Leo takes the prophecy translation, rereading. “Your mom isn’t the only child of a Slayer. It’s unusual, sure, because—” He cuts himself off. The reason hangs in the air between us. Because they don’t live that long. He pushes forward, ignoring the unsaid. “Other Slayers have had children. Even around the same age as your mom. There’s Robin Wood. His mother’s Watcher was Crowley.”
“I don’t remember any Crowleys.”
“My mom said he was nice.”
So much past tense with Watchers. Someday soon everything having to do with the Watchers will be past tense. “But did this Robin have twins with a Watcher?”
“Not yet.” Leo tries to sound hopeful, then shrugs. “Okay, and not likely to happen given our dramatic reduction in ranks. Still. This probably has nothing to do with you.”
“My parents obviously thought it did.”
Leo’s voice is as dark as the night pressing eagerly outside my window. “Our parents always think they know more about us than we do. They make decisions for us before we even realize we’re being controlled.”
“But look at everything bad that’s been happening. We’ve lived here for two years in perfect secrecy. No one found us. No violence. No attacks. Then we figure out I’m a Slayer and boom—Demons! Death! Destruction!”
“You could just as easily say all this happened because my mom and I came back.”
I roll my eyes. “Sure. Except the first hellhound attack was before you got here.”
He pauses, his lips tight. Then he moves on. “But the hellhound attack didn’t come after you realized you were a Slayer. You realized you were a Slayer because the hellhound came. And you can’t discount Honora. She’s not connected to your mother, and she’s involved in at least part of this. There could be totally different things going on. It doesn’t all have to be connected.”
I bonk my head back against the wall. “That doesn’t make me feel better! It just means we’d have even more mysteries to solve. Gods, I thought my life was complicated when all I worried about was getting supplies for my medical center and trying to convince the Council we could focus less on combat training and more on mediation.”
“Your life was complicated then too. This wasn’t an easy way to grow up. So many secrets. Both those we keep as Watchers and those being Watchers forces us to keep.”

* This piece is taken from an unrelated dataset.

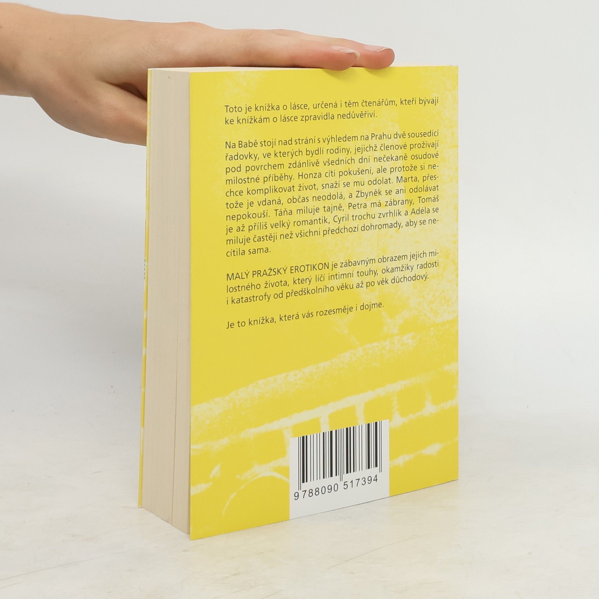 Malý pražský erotikon je druhým románem režiséra a autora úspěšných divadelních komedií Patrika Hartla, jehož literární prvotina PRVOK, ŠAMPÓN, TEČKA a KAREL se těší velkému zájmu čtenářů. Tento nový román je díky autorovu nekonformnímu nadhledu a smyslu pro humor určený i těm, kteří bývají ke knížkám o lásce zpravidla nedůvěřiví. Na Babě stojí nad strání s výhledem na Prahu dvě sousedící řadovky, ve kterých bydlí rodiny, jejichž členové prožívají pod povrchem zdánlivě všedních dní nečekaně osudové milostné příběhy. Honza cítí pokušení, ale protože si nechce komplikovat život, snaží se mu odolat. Marta, přestože je vdaná, občas neodolá, a Zbyněk se ani odolávat nepokouší. Táňa miluje tajně, Petra má zábrany, Tomáš je až příliš velký romantik, Cyril trochu zvrhlík a Adéla se miluje častěji než všichni předchozí dohromady, aby se necítila sama. Malý pražský erotikon je zábavným obrazem jejich intimního života, který líčí jejich touhy, okamžiky radosti i katastrofy od předškolního věku až po věk důchodový.

I can’t believe my mom thought she could send me to boarding school. All those normal teens, with no idea what the world is really like. Leo understands my life in a way none of them ever could. And he’s right about how we grew up. I wasn’t wrong when I was thirteen. He really did see me. He still does.
I want to take his hand, but nerves hold me back. “This could be why my mother is so opposed to me being a Slayer, though. She knows the prophecy. And she’s worried that, now that I’m a Slayer, it’s one step closer to coming true.”
Leo shifts so he’s looking right at me. His eyes are so dark they’re almost black. I can tell he hasn’t been sleeping well, but exhaustion accentuates his cheekbones, and the dark stubble at his jawline is oddly vulnerable.
“Athena,” he says, “I know darkness. I know the hunger that drives chaos. And you have none of that in you. Slayer or not, you are and have always been good.” He pauses, searching my face, and for one brief aching moment I think he’s going to kiss me.